Information given:
==============================
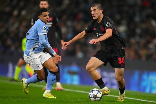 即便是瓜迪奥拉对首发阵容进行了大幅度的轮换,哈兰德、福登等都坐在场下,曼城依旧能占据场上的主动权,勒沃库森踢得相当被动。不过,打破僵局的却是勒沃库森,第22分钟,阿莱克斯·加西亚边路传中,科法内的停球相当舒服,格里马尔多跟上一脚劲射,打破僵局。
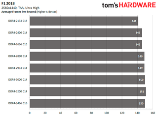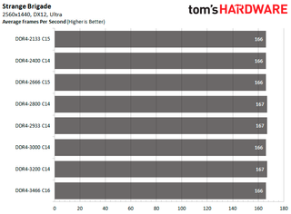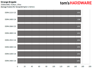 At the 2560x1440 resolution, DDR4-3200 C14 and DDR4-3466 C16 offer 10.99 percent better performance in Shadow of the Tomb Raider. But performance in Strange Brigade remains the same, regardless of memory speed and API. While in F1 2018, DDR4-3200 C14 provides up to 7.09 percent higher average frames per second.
==============================
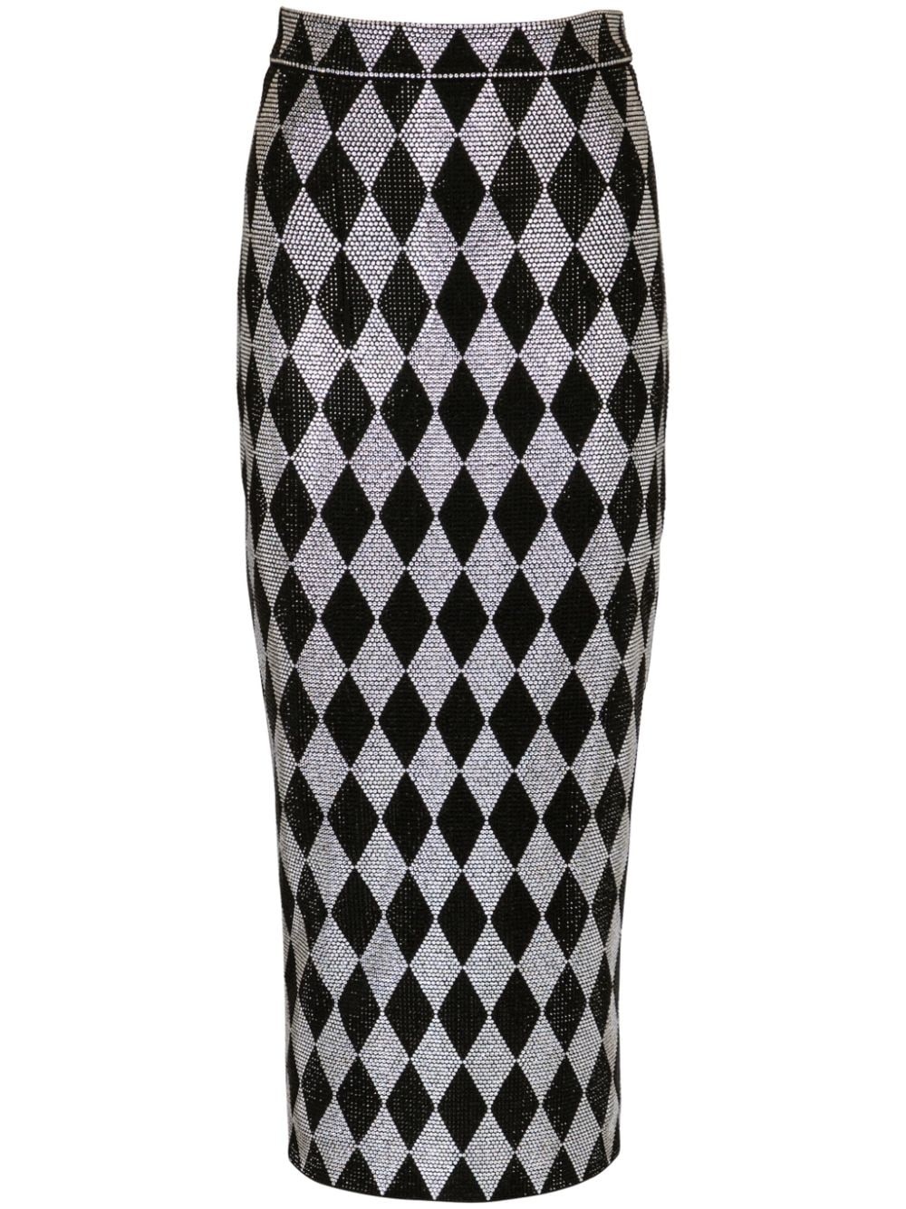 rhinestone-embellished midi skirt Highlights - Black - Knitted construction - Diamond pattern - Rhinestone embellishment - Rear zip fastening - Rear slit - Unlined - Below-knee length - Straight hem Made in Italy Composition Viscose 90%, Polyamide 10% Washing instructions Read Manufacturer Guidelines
==============================
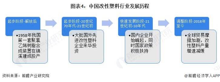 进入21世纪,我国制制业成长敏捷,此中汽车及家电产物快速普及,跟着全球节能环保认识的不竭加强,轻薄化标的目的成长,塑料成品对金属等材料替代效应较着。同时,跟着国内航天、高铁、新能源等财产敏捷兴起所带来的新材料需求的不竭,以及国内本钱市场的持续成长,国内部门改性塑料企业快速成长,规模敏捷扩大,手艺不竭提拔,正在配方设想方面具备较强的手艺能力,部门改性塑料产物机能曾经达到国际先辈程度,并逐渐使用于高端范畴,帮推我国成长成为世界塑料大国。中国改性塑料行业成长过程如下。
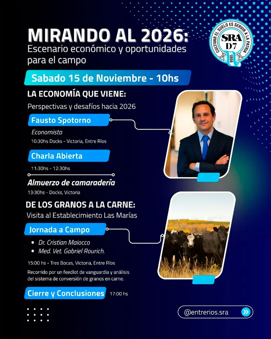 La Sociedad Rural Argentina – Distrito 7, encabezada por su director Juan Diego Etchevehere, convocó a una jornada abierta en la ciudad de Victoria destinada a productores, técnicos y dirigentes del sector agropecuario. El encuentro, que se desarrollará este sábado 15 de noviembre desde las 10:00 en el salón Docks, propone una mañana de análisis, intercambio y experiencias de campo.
==============================
What is expected:
Every line above between the one containing "即便是瓜迪奥拉对首发阵容进行" and the one containing "At the 2560x1440", those two included, is to be printed exactly. No pictures go into the copy.

Written answer:
 即便是瓜迪奥拉对首发阵容进行了大幅度的轮换,哈兰德、福登等都坐在场下,曼城依旧能占据场上的主动权,勒沃库森踢得相当被动。不过,打破僵局的却是勒沃库森,第22分钟,阿莱克斯·加西亚边路传中,科法内的停球相当舒服,格里马尔多跟上一脚劲射,打破僵局。
 At the 2560x1440 resolution, DDR4-3200 C14 and DDR4-3466 C16 offer 10.99 percent better performance in Shadow of the Tomb Raider. But performance in Strange Brigade remains the same, regardless of memory speed and API. While in F1 2018, DDR4-3200 C14 provides up to 7.09 percent higher average frames per second.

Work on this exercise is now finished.